Start of Block

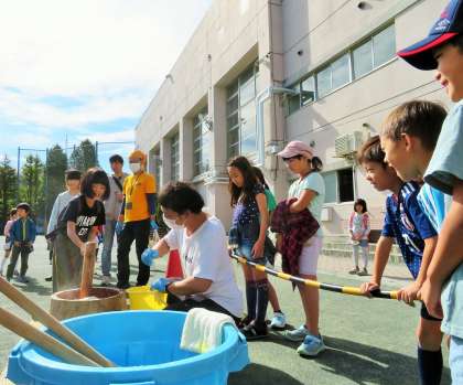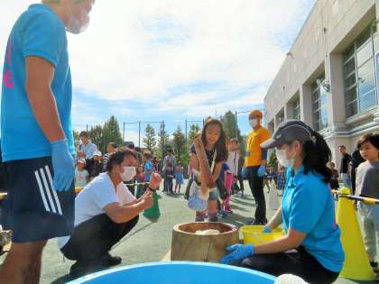 「おいしくな〜れ!」と、願いを込めてのもちつきです!
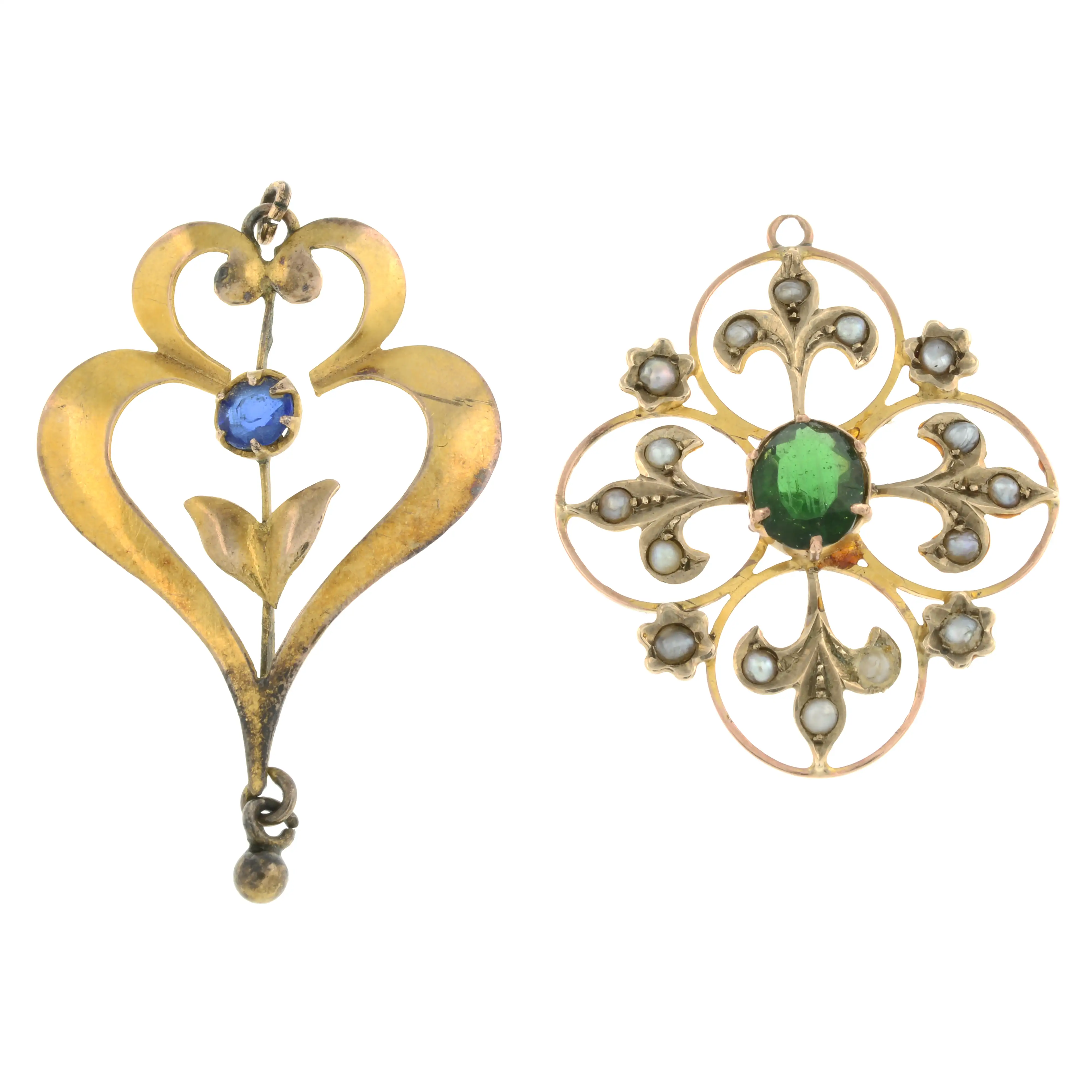 Split pearls with typical surface blemishes and light to some nacre damage.
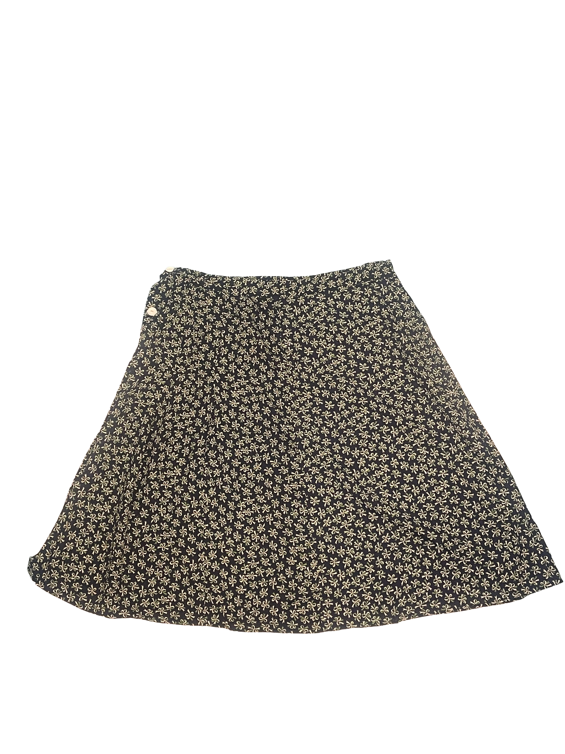 Closures: Button placket at romper. Side buttons at wrap skirt.

End of Block

__EXERCISE PROMPT__. Would you please set down the listing above exactly, minus its images?

__PROBLEM SOLUTION__.
 「おいしくな〜れ!」と、願いを込めてのもちつきです!
 Split pearls with typical surface blemishes and light to some nacre damage.
 Closures: Button placket at romper. Side buttons at wrap skirt.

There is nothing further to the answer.